If there was a big red button on the President's desk, and he could push that button, and stop all the drugs from getting into the country, I would strongly suggest that we get all the National Guardsmen back from Iraq. If the drugs stop...the money stops. Then my friends, the stuff will hit the fan.
May 14, 2008 | Unregistered CommenterTed O'Connor
not what i said or meant, Ted. just a little joke. but thanks for taking me seriously.

interesting that both you and Steven (Freakonomics) Leavitt have studied the economics of drugs in Chicago. have you read his work?
May 15, 2008 | Unregistered CommenterAnonymous
Tom, the Philippines has the SOLUTION!

http://www.youtube.com/watch?v=hMnk7lh9M3o
May 15, 2008 | Unregistered CommenterAlan Klement
Alan: that is crazy!
May 15, 2008 | Unregistered CommenterAnonymous
Officer O'Connor,

While your experience is interesting, finding your solution is proving elusive. It seems you would recommend stopping drugs coming from the gap but even in the US meth labs, pot growing houses & plots of land, etc., go as covert as possible and continute to operate. You point out that stopping the drugs would stop the money going to gangs so gangs would diversify to other activities and the shXt would really hit the fan, even more, for law abiding citizens. Maybe gang successes would start to be reversed if drugs were legalized.

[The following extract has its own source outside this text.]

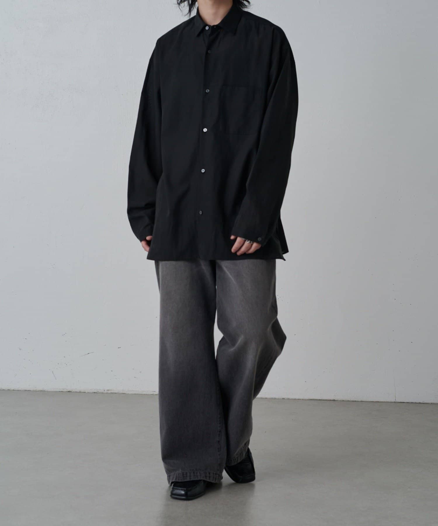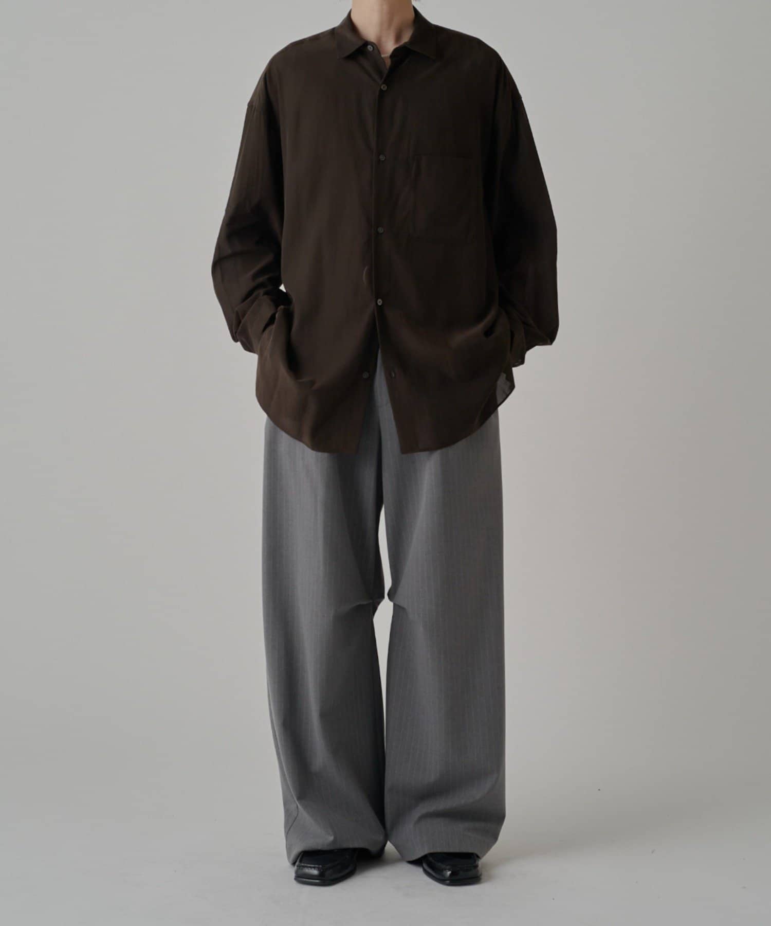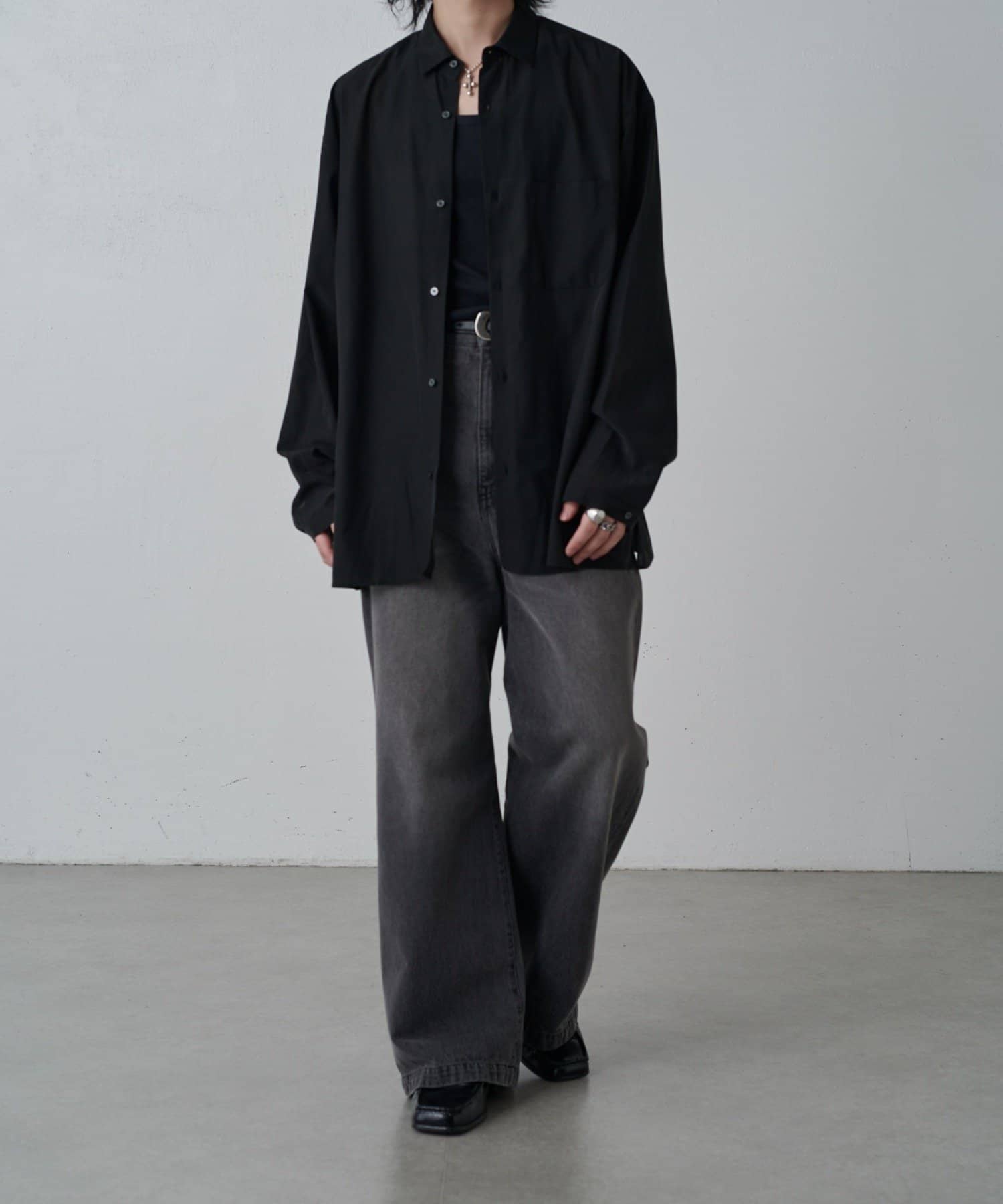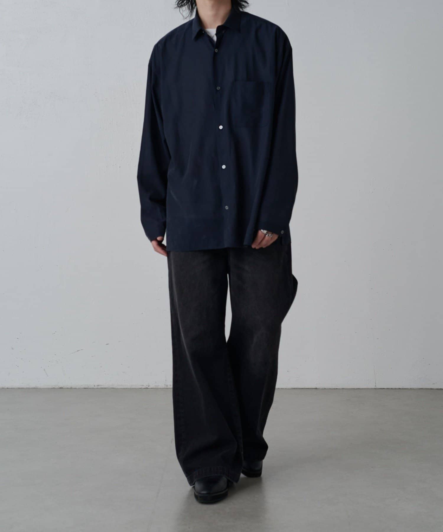 ・程よくゆとりを持たせたシルエットに仕上げることで抜け感を生み、一枚着としてはもちろん軽い羽織としても着回しやすいバランス設計。

It seems that legalizing and REDUCING the DEMAND for drugs, through education and rehabilitation, is the only way to dry up the violent black market and reduce our prisoner numbers. I think this goes to Barnett's point, about Sweden and Minnesota "doing it right". With minimal or no demand for drugs, the illegal supply would fade away. Prohibition does not work, or promote freedom.
May 15, 2008 | Unregistered CommenterVoteWithTroops
Actually, Vote, prohibition does work, to some extent. Alcohol consumption did decrease significantly under prohibition, and I think that most analysts would agree that drug legalization would result in a substantial increase in drug usage. However, prohibition alone does not work completely, and it creates huge numbers of side-effects that make it illogical from a cost/benefit standpoint. I believe we need a more balanced and discriminating drug policy than we have now: severe sentences for major traffickers (in some cases, even more severe than what we have now), but diversion into rehabilitation programs for the vast majority of minor offenders, combined with international programs to try to divert drug production into other industries. Nixon did it successfully in Turkey in the '70s, and it has also had some success in Colombia.
May 15, 2008 | Unregistered Commenterstuart abrams
If someone wants something bad enough--food, shelter, hashish--and has the resources to get it, they'll get it: they'll define their own happiness. Poppy just so happens to grow in Afghanistan like weed, it's too bad they can't mass produce corn and pigs. Some want the dope, others need the dope: the legal hydrocodone/vicodin/lortab market is just huge. Why not connect Gap ag to Core chronic pain sick and old market?